■ **Recorded data**:
____
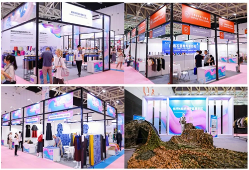 本次展會共500家展商參展,設新材料、新織造、新設備、新面料四大特色展區,有超10萬款科技纖維、創新面料、紡機設備在展會發布。魏橋紡織、昆山東利、興發化纖、吉林化纖、通用新材料、德州恒豐、佳人新材料、浙江興發、紹興國周、鐠美科等知名紡織龍頭企業參展。紹興新昌紡機產業展團、湖州長興織造產業展團、諸暨繡花機械產業展團、上虞染化料助劑產業展團等區域展團亮相。本屆展會更是引眾多RCEP國家和地區的展商組團奔赴而來,在國際展區,韓國ditto時尚聯盟、緬甸中國商會、莫斯科中小企業工商會等國際展團人氣旺盛。
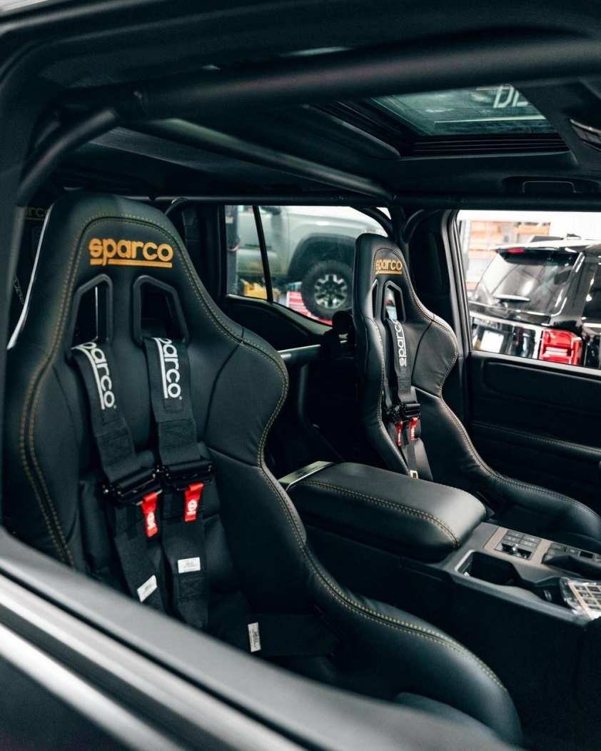 Nhóm thiết kế đã thay thế hàng ghế nguyên bản bằng ba ghế đua Sparco EVO S QRT, mỗi ghế được trang bị dây đai an toàn 5 điểm. Đáng chú ý, ghế giữa ở hàng ghế sau được đặt cao hơn, mang đến cảm giác như đang ngồi trên khán đài.
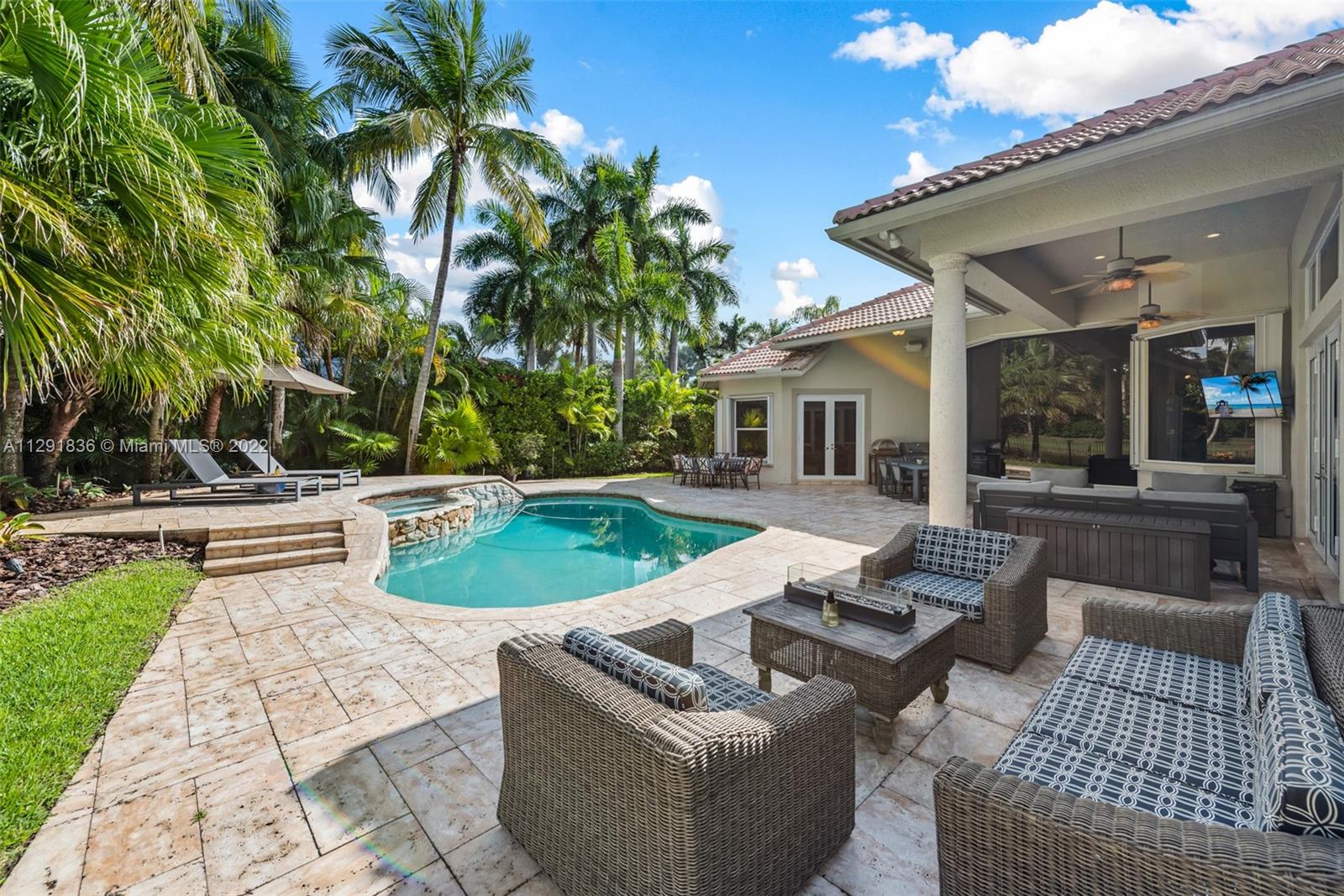 Corner Waterfront Property located in the coveted community of The Landings in Weston. 23,174 sq.ft. lot the property offers sweeping water views. Recently remodeled the living spaces seamlessly connect to the thoughtfully conceived lush outdoor areas including the covered terrace and heated saltwater pool/spa with plenty of space for lounging in the sun. The home features 4BR/4.5BA+Custom Office/Library, Large Den, Formal Dining room & 3-car garage. Entertainer’s kitchen, volume coffered ceilings, wet bar, wood burning fireplace and light filled interior are among the many modern conveniences to be enjoyed and perfect for the discerning Buyer.
____
■ **Problem to solve**:
Without any of its pictures, the listing is to be repeated exactly as it stands.

■ **Solution below**:
 本次展會共500家展商參展,設新材料、新織造、新設備、新面料四大特色展區,有超10萬款科技纖維、創新面料、紡機設備在展會發布。魏橋紡織、昆山東利、興發化纖、吉林化纖、通用新材料、德州恒豐、佳人新材料、浙江興發、紹興國周、鐠美科等知名紡織龍頭企業參展。紹興新昌紡機產業展團、湖州長興織造產業展團、諸暨繡花機械產業展團、上虞染化料助劑產業展團等區域展團亮相。本屆展會更是引眾多RCEP國家和地區的展商組團奔赴而來,在國際展區,韓國ditto時尚聯盟、緬甸中國商會、莫斯科中小企業工商會等國際展團人氣旺盛。
 Nhóm thiết kế đã thay thế hàng ghế nguyên bản bằng ba ghế đua Sparco EVO S QRT, mỗi ghế được trang bị dây đai an toàn 5 điểm. Đáng chú ý, ghế giữa ở hàng ghế sau được đặt cao hơn, mang đến cảm giác như đang ngồi trên khán đài.
 Corner Waterfront Property located in the coveted community of The Landings in Weston. 23,174 sq.ft. lot the property offers sweeping water views. Recently remodeled the living spaces seamlessly connect to the thoughtfully conceived lush outdoor areas including the covered terrace and heated saltwater pool/spa with plenty of space for lounging in the sun. The home features 4BR/4.5BA+Custom Office/Library, Large Den, Formal Dining room & 3-car garage. Entertainer’s kitchen, volume coffered ceilings, wet bar, wood burning fireplace and light filled interior are among the many modern conveniences to be enjoyed and perfect for the discerning Buyer.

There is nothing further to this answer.